O termo “idiopática”, até certo ponto, é um termo errôneo, pois sugere que a etiologia é desconhecida, embora ainda não seja totalmente compreendida. Embora a AIS não pareça estar associada a nenhuma condição específica e seja geralmente observada em adolescentes saudáveis, as pesquisas realizadas até o momento mostram que ela é uma condição complexa na qual fatores genéticos, mecânicos e hormonais estão envolvidos na patogênese.

A AIS afeta de 0,5 a 3% da população. A apresentação ocorre geralmente entre 10 e 18 anos de idade. A proporção de mulheres para homens é de 1:1 para curvas pequenas; 10:1 para curvas maiores que 30 graus. Ela abrange uma gama de gravidade e é relativamente comum. Em suas formas mais brandas, a escoliose pode produzir assimetria isolada do tronco. Curvas muito grandes, maiores que 100 graus, podem causar desfiguração grave e, ocasionalmente, comprometimento cardiopulmonar.

No entanto, a definição acima de escoliose simplifica demais as deformidades da coluna vertebral associadas ao quadro clínico, uma vez que a definição (e o que os pacientes e os pais costumam entender) se refere a um ângulo coronal de cobb maior que 10 graus. Essa definição descreve a curva da coluna vertebral apenas em duas dimensões (curvatura lateral de 10 graus). No entanto, a escoliose é uma deformidade tridimensional. Além da curvatura coronal da coluna vertebral, há uma rotação vertebral segmentar que cria uma “forma de espiral” em vez da “forma de S” que uma radiografia em PA mostra. Essa rotação vertebral na coluna torácica resulta clinicamente em uma corcova torácica e, na coluna lombar/toracolombar, em uma corcova lombar e assimetria na cintura. Os pacientes geralmente se apresentam depois que essas alterações no formato das costas são notadas, seja por eles mesmos ou por um membro da família/amigo.

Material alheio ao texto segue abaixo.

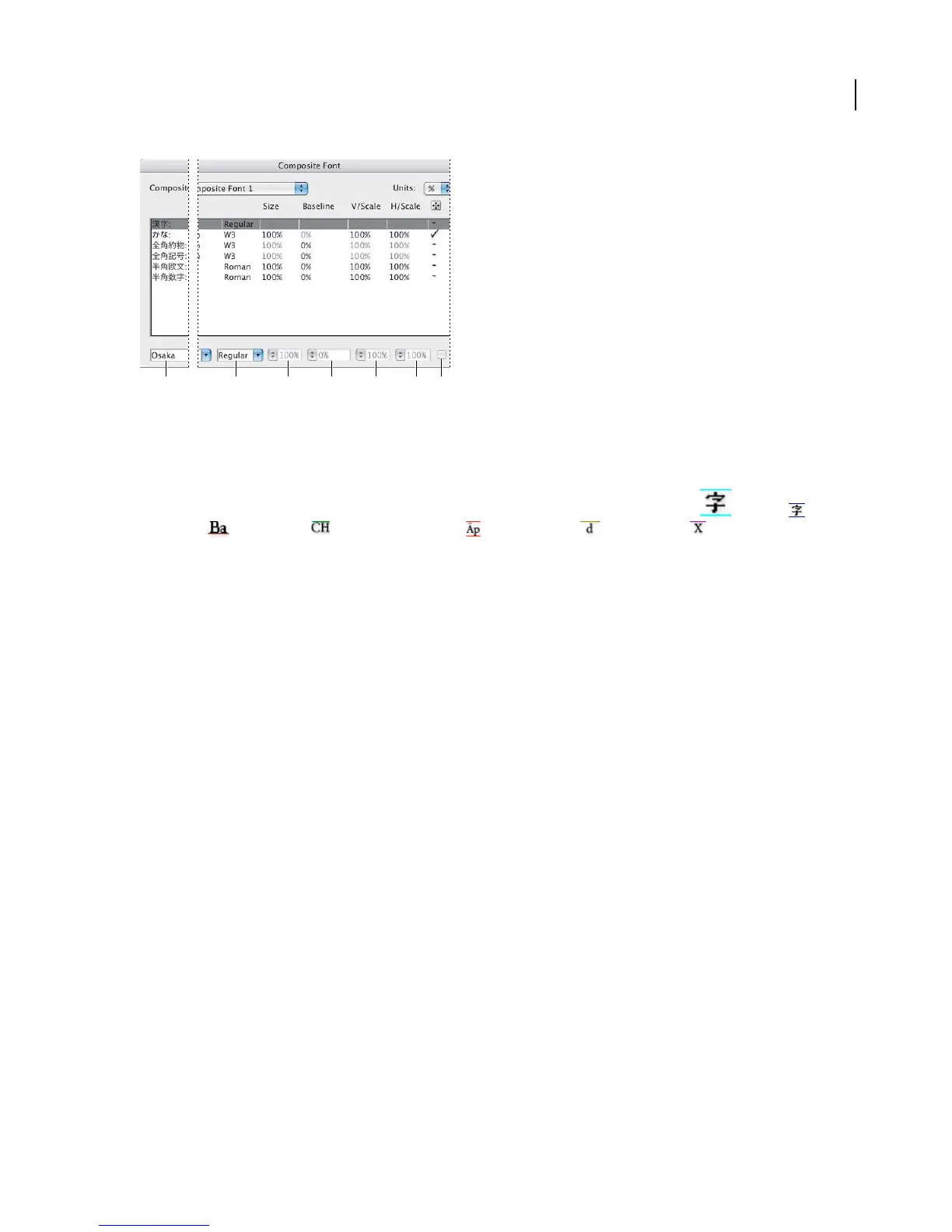 Kanji The base font of the composite font. The size and baseline for other characters are set according to the sizes
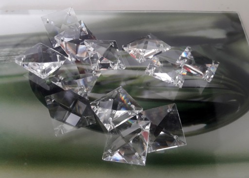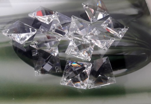 Kwadrat kryształowy o wymiarach 18x18 mm z 4 otworami mocującymi.

Uma radiografia Posterior Anterior (PA) confirmará o diagnóstico. A curva torácica direita é a mais comum. Curvas do lado esquerdo são observadas, mas não são “típicas” da AIS. Lenke produziu uma classificação abrangente com base em radiografias Posterior-Anterior, lateral e em flexão.

A história natural da AIS varia consideravelmente entre os pacientes e depende da idade de início, do início da menarca, do padrão da curva, da magnitude da curva e da maturidade do esqueleto. Esses fatores determinam a progressão.

Nem todas as curvas de AIS precisam de tratamento. Algumas curvas podem ser consideradas de baixo risco de progressão e/ou causar problemas posteriores. Nessas apresentações clínicas, a observação é necessária até a maturidade esquelética. Algumas curvas podem ser tratadas com órtese, com o objetivo de evitar a progressão da curva em uma magnitude que possa causar problemas posteriores (<45-50 graus). Curvas maiores na apresentação ou aquelas que devem progredir rapidamente para uma magnitude maior (>45-50 graus) geralmente requerem cirurgia.

O objetivo do tratamento cirúrgico na AIS é alcançar e manter uma melhora de longo prazo na deformidade coronal, no equilíbrio sagital e na desrotação axial, minimizando o número de segmentos vertebrais fundidos.

O tratamento cirúrgico da escoliose teve um progresso significativo nas últimas três décadas. As abordagens posteriores se tornaram o padrão ouro para o tratamento da AIS desde o primeiro relato de Harrington na década de 1960. Recentemente, construções de parafusos pediculares mais potentes e versáteis permitiram uma melhor correção da deformidade e resultaram em um número menor de pacientes que necessitam de cirurgia de liberação anterior.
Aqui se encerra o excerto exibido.